• Exercise requirements
Every line below from the one containing "Security , too" through the one containing "The bottom of" is to be printed exactly, with the pictures omitted.

• Provided records
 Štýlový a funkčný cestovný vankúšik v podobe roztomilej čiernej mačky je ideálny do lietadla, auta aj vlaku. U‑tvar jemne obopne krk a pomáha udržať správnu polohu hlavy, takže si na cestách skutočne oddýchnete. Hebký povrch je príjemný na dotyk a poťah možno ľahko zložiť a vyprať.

==

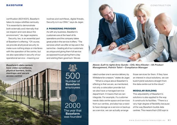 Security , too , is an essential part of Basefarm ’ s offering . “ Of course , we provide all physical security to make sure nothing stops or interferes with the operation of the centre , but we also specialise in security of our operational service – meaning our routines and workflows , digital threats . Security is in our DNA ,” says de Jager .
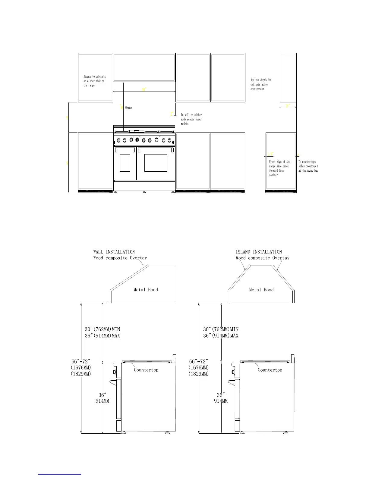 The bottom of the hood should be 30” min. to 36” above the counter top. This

• The answer
 Security , too , is an essential part of Basefarm ’ s offering . “ Of course , we provide all physical security to make sure nothing stops or interferes with the operation of the centre , but we also specialise in security of our operational service – meaning our routines and workflows , digital threats . Security is in our DNA ,” says de Jager .
 The bottom of the hood should be 30” min. to 36” above the counter top. This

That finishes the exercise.